De todos modos, es importante destacar el carácter de apertura o portal hacia nuevos rumbos culturales que tienen esos años del 20 y el 30 en la vida mendocina, ya que comienzan a surgir una serie de instituciones, en varias de las cuales tuvo activa participación Ramponi: la Academia Provincial de Bellas Artes (1933), el Círculo de Escritores de Mendoza (1934), la Academia Cuyana de Cultura (1938), la filial mendocina de la Sociedad Argentina de Escritores y la Universidad Nacional de Cuyo (1942) o la Sociedad Mendocina de Escritores, presidida por Ricardo Tudela, brevemente, y luego por Alfredo Bufano, con Alejandro Santa María Conill (1953) como secretario, entre otras.
Surgen asimismo múltiples focos de cultura, como el taller de Don Gildo D’Accurzio y, por supuesto, gran cantidad de revistas en las cuales Ramponi colaboró, según la reseña que realiza Gloria Videla de Rivero: La Quincena Social (1919-1957) dirigida por Antonio Napolitano; Antena, revista de la nueva generación (1930) dirigida por Emilio Abril de orientación vanguardista; Cuyo-Buenos Aires (1931-1932); Huarpe, revista mensual de literatura (1930); Pámpano (1943-1944) dirigida por Abelardo Vázquez y un largo etcétera.
Una de las características salientes de las publicaciones nacidas con la vanguardia es la relación que se establece entre literatura y plástica. Y también en este sentido la figura de Ramponi es emblemática, no sólo porque se casó con la pintora Rosa Stilerman, a quien el poeta consideraba una de las mejores plásticas argentinas contemporáneas, sino porque fue Director de la Escuela Provincial de Bellas Artes durante quince años y cultivó la amistad de muchos otros artistas de la época, como Roberto Azzoni, Sergio Sergi, Lorenzo Domínguez, Julio Suárez Marzal, Vicente Lahir Estrella y su propio hermano Miguel Ángel Ramponi.
Como señala Gloria de Rivero: “La obra édita del poeta no es muy vasta. Una parte quedó inédita o parcialmente publicada. La tendencia a perfeccionar lo escrito, el temperamento melancólico de Ramponi, la vida en provincia, pudieron influir en esa limitación [...]” (1998).
En este sentido, y a partir de la palabra de quienes lo conocieron, surge un personaje muy particular: reconcentrado, casi fóbico, enemigo de los viajes... Thomas Simpson relata que, en ocasión de una vista a Mendoza, se alojó en casa del poeta, en una pequeña habitación que daba a los fondos de la casa.

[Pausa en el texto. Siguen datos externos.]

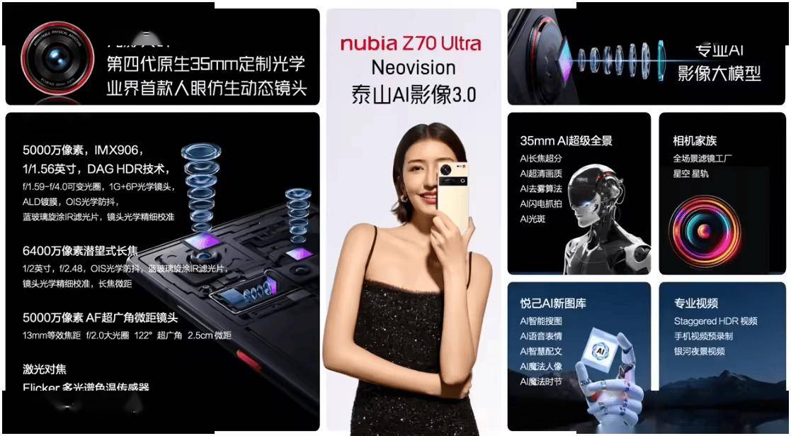 据介绍,努比亚 Z70 Ultra 手机搭载全新星辰大模型,包括 30 亿参数端侧大模型 + 千亿参数云侧大模型,组成了自然语言、语音、影像、视觉、性能、多模态等多个大模型矩阵。
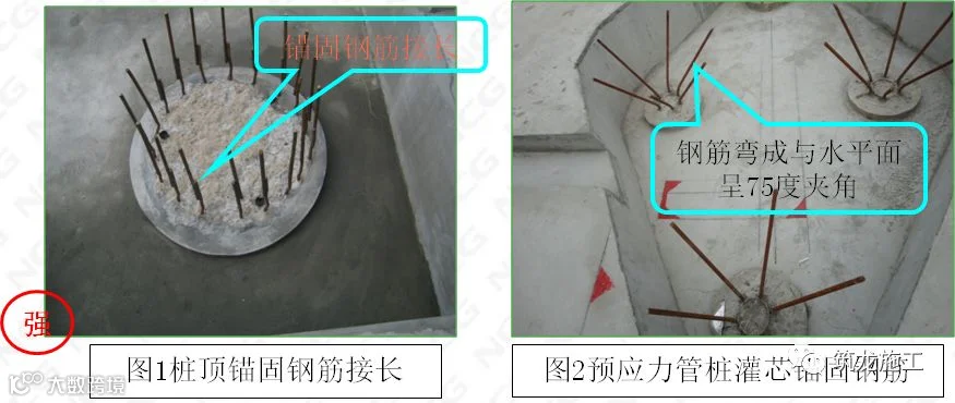 (3)桩顶纵向主筋应调直,锚入承台长度应符合设计要求,当长度不足时,应双面焊接接长(见图1)。预应力管桩灌芯混凝土的锚固钢筋应与水平面成75度夹角或按照设计要求(见图2)。
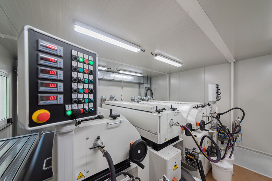 - Высокая скорость нанесения: новая линия работает с производительностью до 1 500 м2 за смену!
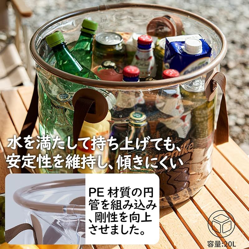 【透明多用途折りたたみバケツ】クリアデザインで内容物が一目了然!清潔感溢れるモダンなデザインと実用性を兼ね備えた、アウトドアから日常まで活躍する折りたたみバケツです。10L/20L の 2 種類の容量から選べ、キャンプでの飲料・果物収納、野菜・食器洗浄はもちろん、家庭内での収納容器としても最適です。大開口構造により、手軽に物を出し入れでき、使い勝手を大幅に向上しました。
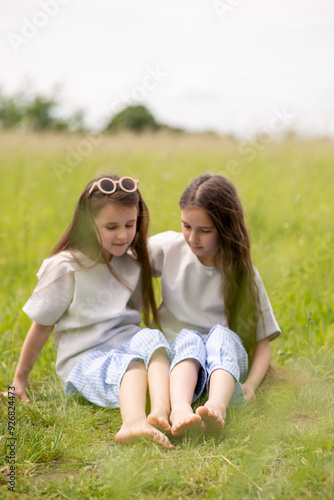 © Маргарита Медведева, Fototapeta premium two sisters sitting on the grass
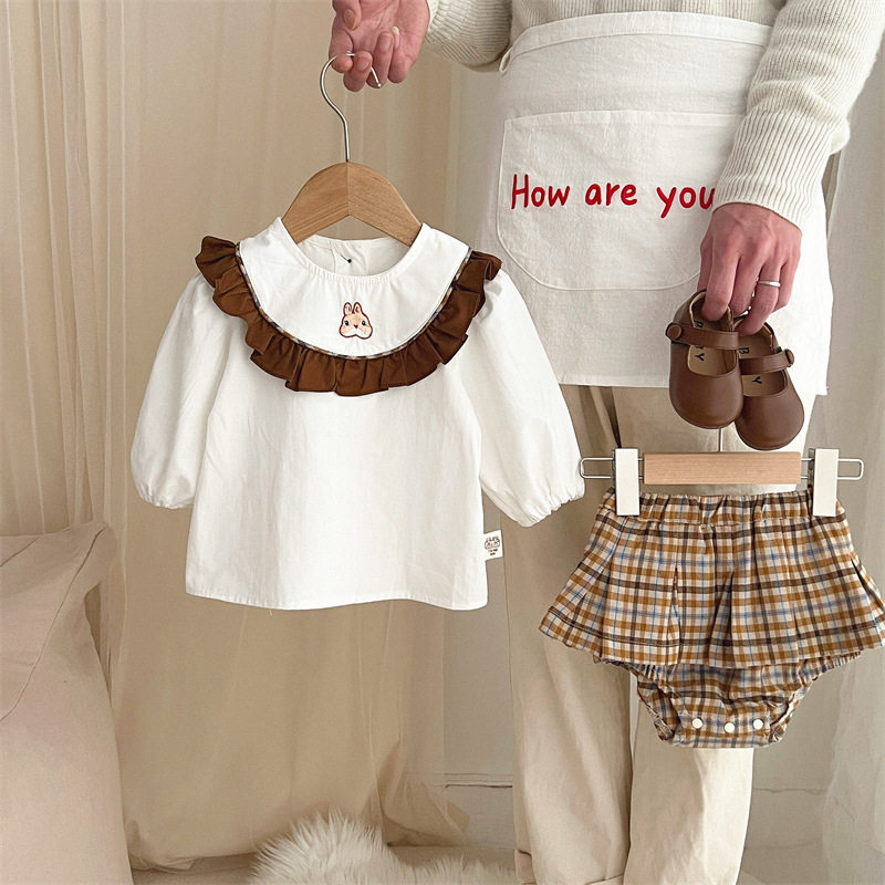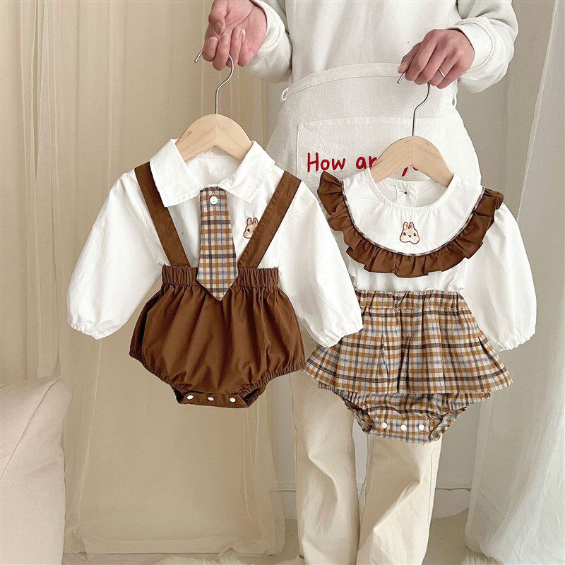 📚 韩版龙凤胎春款学院风兄妹百天女宝宝哈衣背带裤婴儿包屁衣服套装
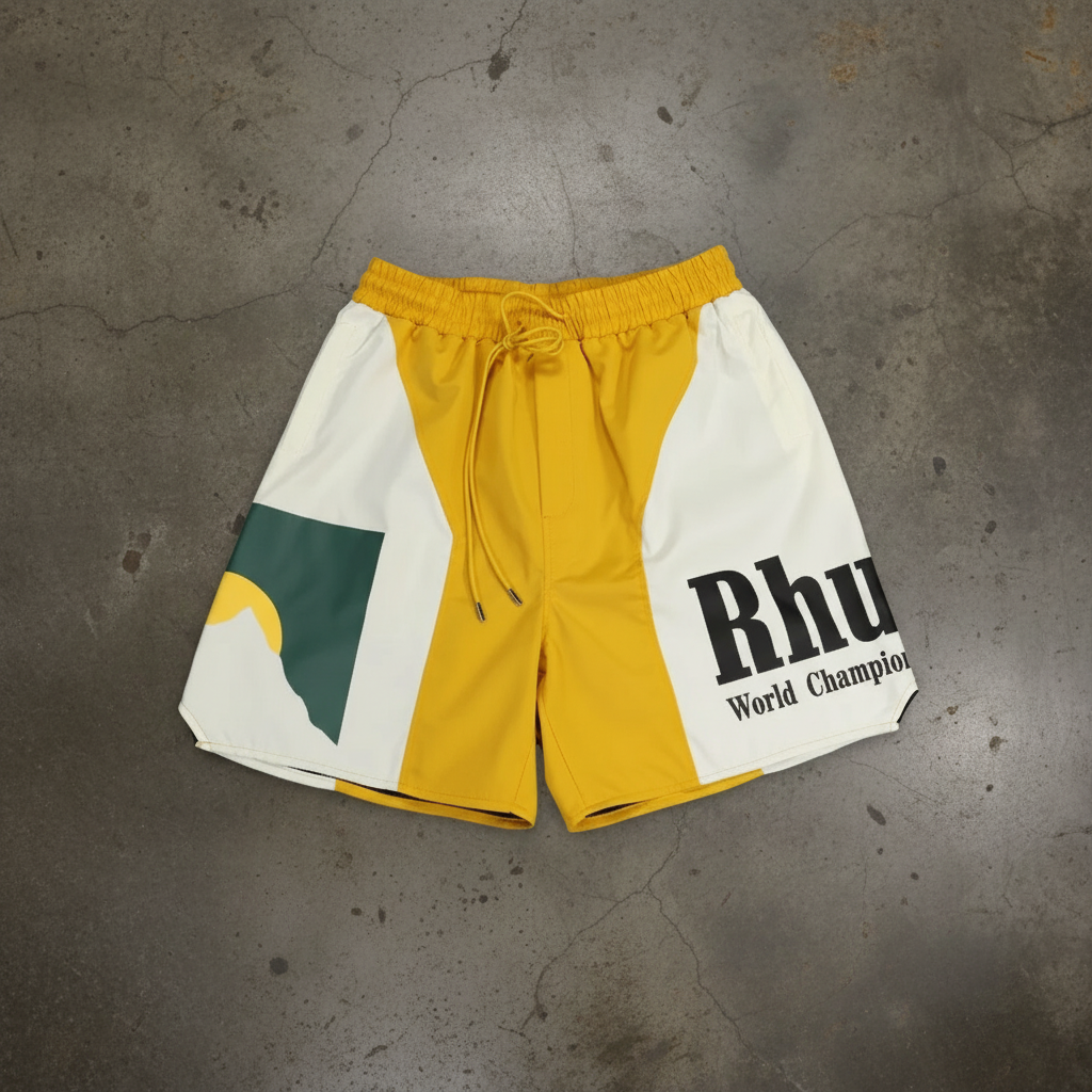 / Rhude Yellow & White Quick-Dry Shorts | Unisex Streetwear

A medianoche, en medio de la oscuridad total, lo sobresaltaron dos ojos fosforescentes e inmóviles: eran los de un búho que poseía Ramponi. “El relato es significativo –comenta Gloria Videla- porque, para el poeta, el pájaro tenía un valor simbólico, representaba su misión: mirar en la oscuridad, bucear en el misterio nocturno”. Además, dice Simpson, existía un cierto parecido físico entre el poeta y el ave “que anuda entre sus cejas la tiniebla y el éxtasis”. La aproximación simbólica se hace explícita en “Los límites y el caos” (1972) donde Ramponi presenta al búho como ejecutor de un culto sombrío y al poeta, como mártir y oficiante de su liturgia poética.
Una primera estación está cumplida a través de esta somera aproximación a la ubicación de Ramponi en el contexto y el esbozo de su semblanza o retrato espiritual. En notas posteriores nos ocuparemos de su profunda significación poética.